Tuesday, February 15, 2011

Waltz for Deb(ussy)




Long gown: check
Perfectly rehearsed fingers: check
Flawless posture: check




Long gown: check
Perfectly rehearsed fingers: check
Flawless posture: check 


Ok, here's something a little different. 



Long gown: ...
Perfectly rehearsed fingers: for most of the piece
Flawless posture: not quite 

                I suppose there are definitely a lot of stereo types and strict classifications to certain types of music. Though we know not to judge a book by its cover, if someone came out on the stage at Carnegie Hall in a trucker hat and cutoff jeans, would one expect him to play as well as someone who came out in a tuxedo? The trucker might be a world-renowned pianist, but it’s almost impossible not to listen with our eyes first. But on the other hand, would you be surprised to see Richter climb into an eighteen-wheeler all decked out in concert wear? Yes, you most likely said.
                So these first two videos and the third seem pretty different (in terms of piano music) in appearance, right? Classical played by two female concert pianists, and Bill Evans, the legendary and immensely talented jazz pianist and his trio. “Sophisticated” concert pianists aren’t expected to pull tissues out of their coats before beginning, and Evans wouldn’t be anticipated to lift his hands after phrases in a flamboyant fashion.  Talents like these, though both commended, aren’t thought of as ones that should be mixed often. Solely classically trained pianists aren't expected to be seen at jazz clubs. Unfortunately, performers usually stay in their place.
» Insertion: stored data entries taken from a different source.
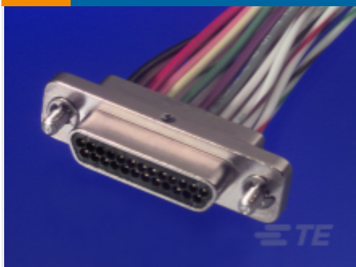
TE 产品编号1532179-7 M83513/03-A11N, MCKS-N1-B-9P6Q9- 18.0
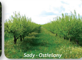
Sady - Ostřešany
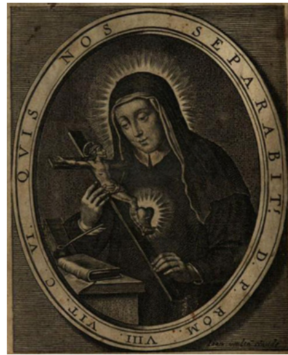
Мал. 5. Св. Кацярына з распяццем у руках (Davide Campi, 1742 (Museo dei Beni Culturali dei Cappuccini))
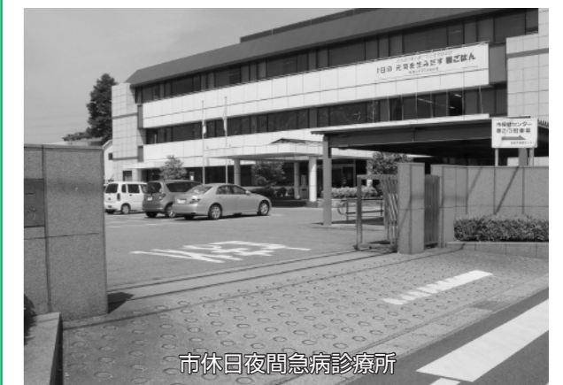
市休日夜間急病診療所
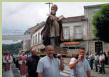
San Pedro en Leiro
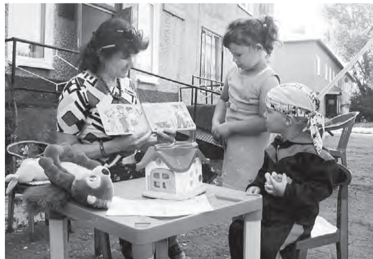
Любят книги приобщают в библиотеке малышей.
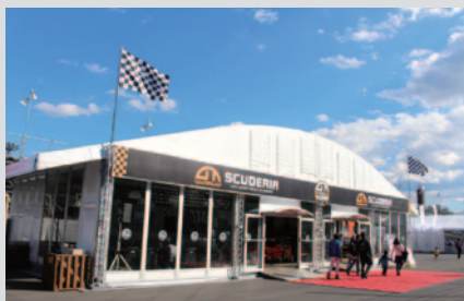
宇都宮の「SUNSET ROASTER COFFEE」の絶品コーヒーでゆったりくつろげる本格カフェ「GT CAFE SCUDERIA」。
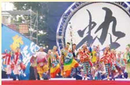
富山のよさこい祭り
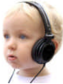
Resim :7 Çocuğun olduğu gibi kabul edilmesi, ileride karşılaşılabilecek sorunların üstesinden gelinmesinde atılacak önemli bir adımdır

Engelli çocuğun kabulüne yönelik yapılan çalışmaları araştırınız. Bir rapor haline getirip edindiğiniz bilgileri arkadaşlarınıza sunarak paylaşınız.
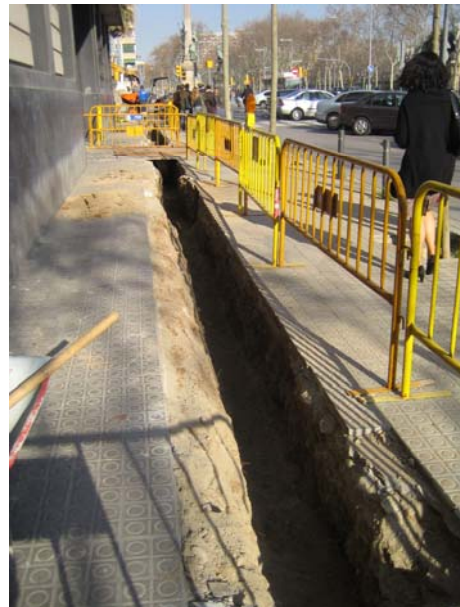
FOTO 4. Vista general del tram de la rasa situat entre els Passeigs Picasso i Lluís Companys.
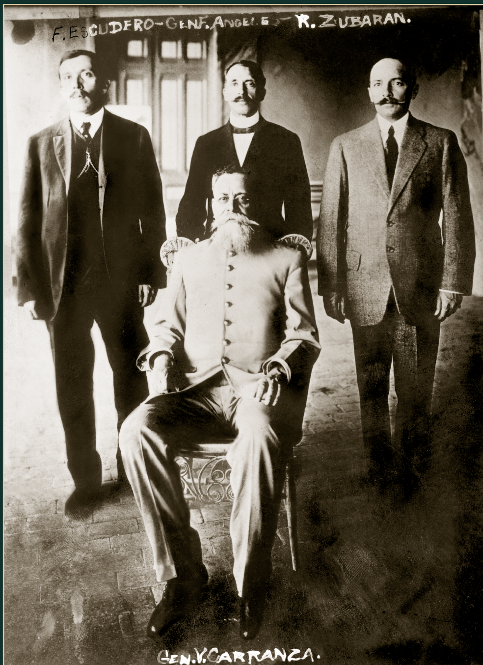
El Primer Jefe Venustiano Carranza y Francisco Escudero, general Felipe Ángeles y Rafael Zubarán Company. 1913.
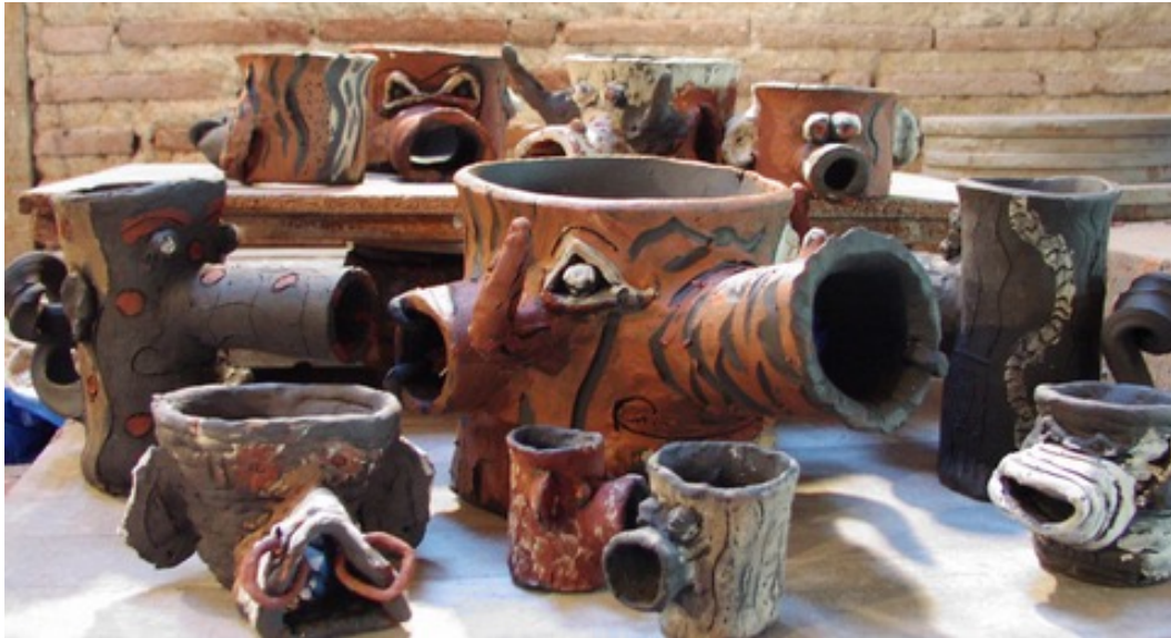
Tambours de table
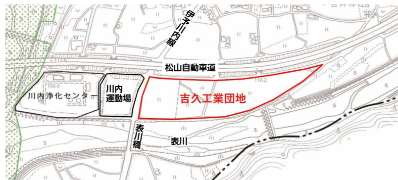
吉久工業団地計画図

問 両工業団地の総事業費は、それぞれ約13億円の事業規模を予定している。 問 借入の限度があるため基金から充当するのか。 答 総事業費に対して借入金額の限度額を超えていることから、基金からの充当での事業を計画している。
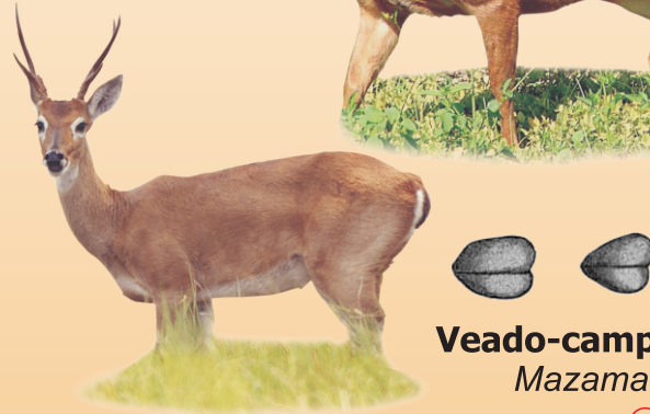
Veado-campeiro Mazama avistado ○
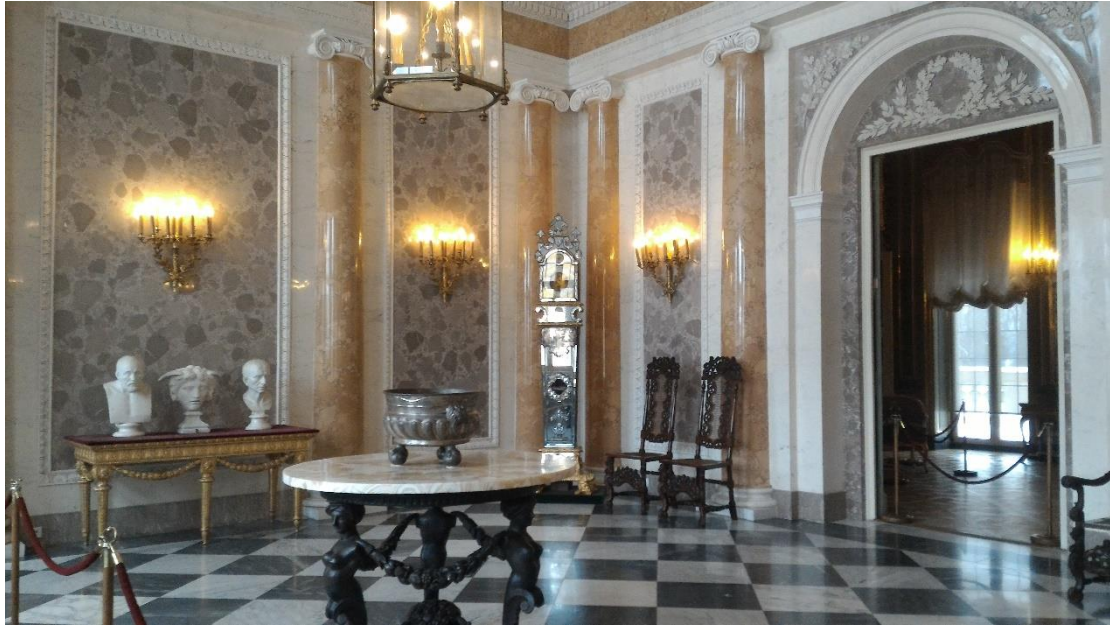
圖二、維拉諾夫宮內一景
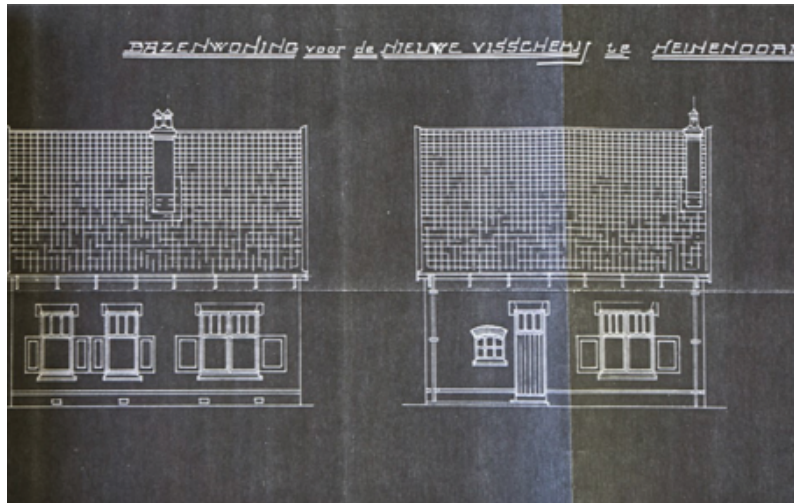
Bouwtekening uit 1916 van de bazenwoning.

Vergelijk dat eens met de huidige tijd, nu worden kinderen die enige honderden meters van de school wonen, door ouders gebracht en gehaald met de auto.
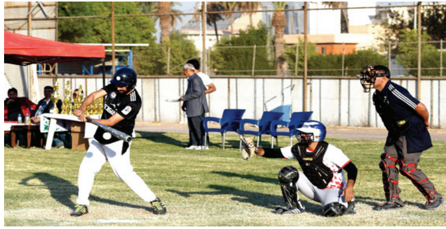
لعبة: إحدى جولات لعبة البيسبول

بغداد- الزمان حققت فرق ديالى والسليمانية والتعاون. الفوز ضمن حساب الدور الرابع من المرحلة الأولى لدوري كرة اليد الممتاز للموسم 2021-2022. وفاز فريق نادي ديالى على فريق نادي كربلاء بنتيجة 23 - 30 هدفاً في المباراة التي جرت في قاعة الراحل علي سلام. كما فاز فريق نادي التعاون على فريق نادي الخليج العربي بنتيجة 22 - 41 هدفاً في المباراة الثانية التي احتضنتها قاعة جامعة المعارف. وفي اللقاء
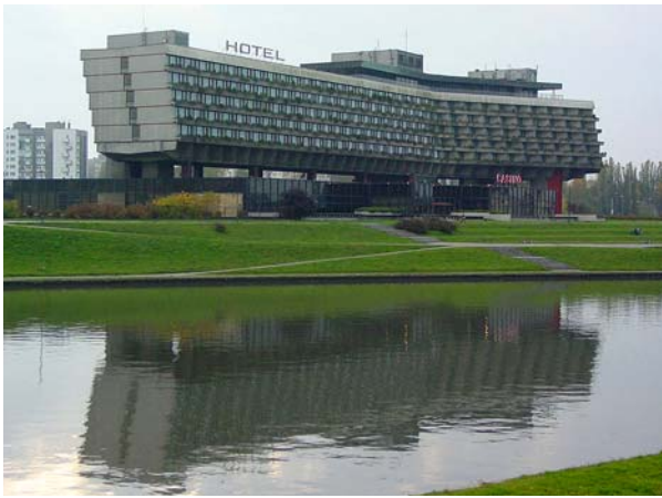
Ryc. 2. Hotel Forum w Krakowie, widok od strony rzeki Wisły, 2002 r.
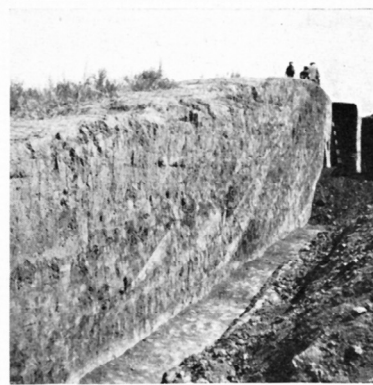
Foto 4. De verschillende heuvelgrenzen teekenen zich in den noordelijken wand van het tweede kwadrant duidelijk af

Abb. 3: Bilder von der Ausgrabung in Solone. Von links oben nach rechts unten: Wohnhaus des Ausgrabungsteams, Zwangsarbeiterinnen und -arbeiter sowie das Profil des Mogila Popova, entnommen aus BURSCH, Grafheuvelonderzoekingen bij Solonje (wie Anm. 78)
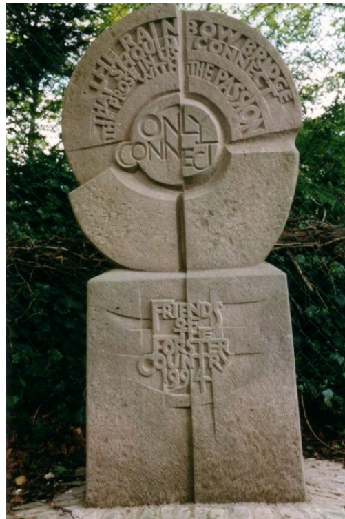
Abb. 1: Skulptur zu Ehren von E.M. Forster
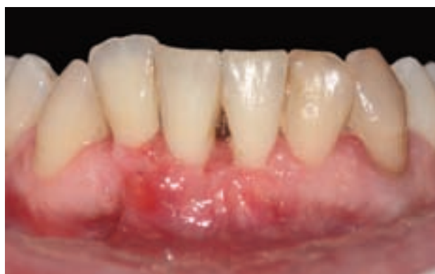
Figura 16. Aspecto de la cicatrización a los quince días.

de sensibilidad en la zona anteroinferior. A la paciente le preocupaba que la encía siguiese retrayéndose.
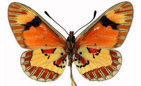
goetzei mâle, verso, Echuya fst (ouganda).jpg goetzei
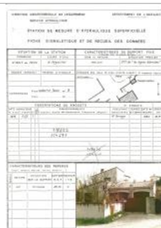
Fiche descriptive d'origine
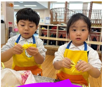
このお花どうやって 食べるの??
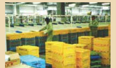
物流・サービスコース
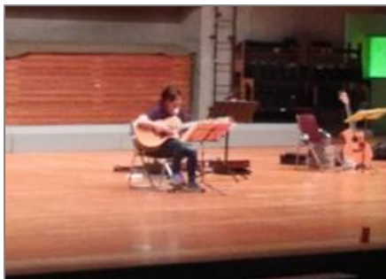
(大ホール舞台体験)

大ホール、小ホールの空き日を利用し、地域に密着した文化活動団体や、福井市内の小・中・高等学校の文化部活動及びグループ活動団体に、ホールの舞台を体験する機会を提供する。
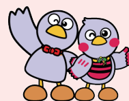
埼玉県のマスコット コバトン&さいたまっち
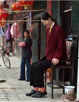
Đã mất 14 năm để lấy được chiếc quần dài 170 cm này. Đây là một kỷ lục Guinness về bệnh còi xương.

Th&#7913; B&#7843;y, 16 Th&#225;ng 7 N&#259;m 2011 03:18
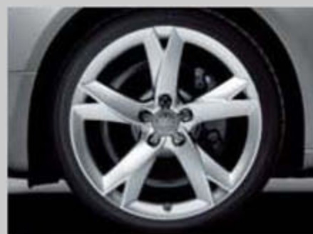
5双辐Y型铸铝合金轮辋 8.5J x 19 轮胎: 255/35 R19 Y S5 Cabriolet 选装装备
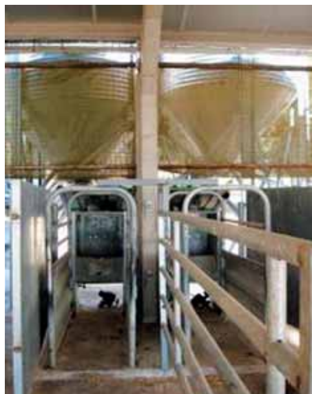
Comedero biplaza para animales estabulados.

En los animales en explotaciones con periodos de estabulación, estos pueden estar atados ocupando cada uno de ellos su correspondiente plaza de amarre, la cual va provista de comedero y bebedero. En estos casos, los comederos suelen ser lineales, proporcionando a cada plaza una longitud de comedero comprendida entre 1 y 1,20 metros. Se recomienda poner un bebedero de cazoleta para cada dos vacas contiguas.

But Debussy and Evans’ (and other jazz musicians’) music couldn’t be more similar.

Evans
                Bill Evans was born in 1929 and grew up in Plainfield, New Jersey, playing classical piano, flute, and violin. He often played in jazz ensembles when he was young and went to Southeastern Louisiana University on a music scholarship (where he played Beethoven’s third piano concerto).  Evans has played with Miles Davis, Charles Mingus, and Oliver Nelson. He started his trio in the 60s with the original members Scott LaFarlo and Paul Motian. Claude Debussy was born in 1862 in Saint-Germain-en-Laye, France but moved to Paris when he was five. Debussy went to the Paris Conservatoire and later won the Prix de Rome in 1884 (which Ravel would go on to enter five times but never win).  Although their backgrounds are so dissimilar, they both had rocky, and in Evans’ case, tragic, personal lives. Like I wrote about before, Debussy wasn’t exactly the most faithful companion. His daughter also died when she was very young. Evans was addicted to heroin and cocaine (he once played a show without his right hand—it was dead from the drugs, but no one noticed he was only using his left).  He also had hepatitis and died due to many different causes including a bleeding ulcer.

Debussy and Claude-Emma 
                But the most important similarity between the two was their use of impressionistic, jazzy chords. Debussy is thought of as the father of subdued and layered musical imagery, using multitudes of B flat augmented add nines and E flat minor sevens and A major half-diminished chords and who knows what else. These combinations of notes sound natural and native to Debussy’s writing style. When listening to Debussy’s piano music, the words “bright” and “energetic” don’t often come to mind. His frequent whole tone scales give his pieces alien-like timbres that coincide perfectly with these muddled jazz chords. His piano music is the type that causes those bluesy and subtle brow crinkles and head cocks that are so often only associated with jazz. Debussy clearly influenced the jazz musicians that soon came after him.
                Bill Evans is one of the many that was influenced by Debussy, but his similarities are a bit more evident that the others. While a lot of jazz consistently has upbeat snares and colorful trumpet wails, a lot of Evans’ popular music is relaxing and centers more on immersing chords instead of melodic trickles (but his music still has these). His tunes are more introverted, and it suits him.
                I recently picked up “Reflet dans L’eau” by Debussy to start looking at and found a passage that was so jazzy I almost had to ignore the sixteenth-note indication and play it as half notes.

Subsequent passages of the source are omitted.